The quarter-circle game

Start at a lattice point inside the quarter-circle x^2 + y^2 < 10^6 in the positive quadrant. You and your opponent take turns: the allowable moves are to go up, right, or both at once (i.e. add (0,1), add (1,0), or add (1,1).) First person to leave the quarter-circle wins. What does it look like if you color a starting point black for “first-player loss” and yellow for “first-player win”? It looks like this:

I like the weird zones of apparent order here. Of course you can do this for any planar domain, any finite set of moves, etc. Are games like this analyzable at all?

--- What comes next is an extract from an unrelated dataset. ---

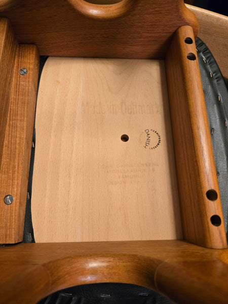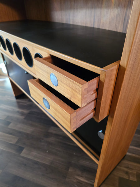 Dyrlund Teak 'Boomerang' bar with a pair of Christian Christensens bar stools, both designed by Erik Buck (Buch) and Made in Denmark.

I guess you could go a little further and compute the nimber or Grundy value associated to each starting position. You get:

What to make of this?

Here’s some hacky code, it’s simple.

M = 1000
def Crossed(a,b):
    return (a**2 + b**2 >= M*M)

def Mex(L):
    return min([i for i in range(5) if not (i in L)])

L = np.zeros((M+2,M+2))
for a in reversed(range(M+2)):
    for b in reversed(range(M+2)):
        if Crossed(a,b):
            L[a,b] = 0
            L[a,b] = Mex([L[a+1,b],L[a,b+1],L[a+1,b+1]])


One natural question: what proportion of positions inside the quarter-circle are first-player wins? Heuristically: if you imagine the value of positions as Bernoulli variables with parameter p, the value at my current position is 0 if and only if all three of the moves available to me have value 1. So you might expect (1-p) = p^3. This has a root at about 0.68. It does look to me like the proportion of winning positions is converging, but it seems to be converging to something closer to 0.71. Why?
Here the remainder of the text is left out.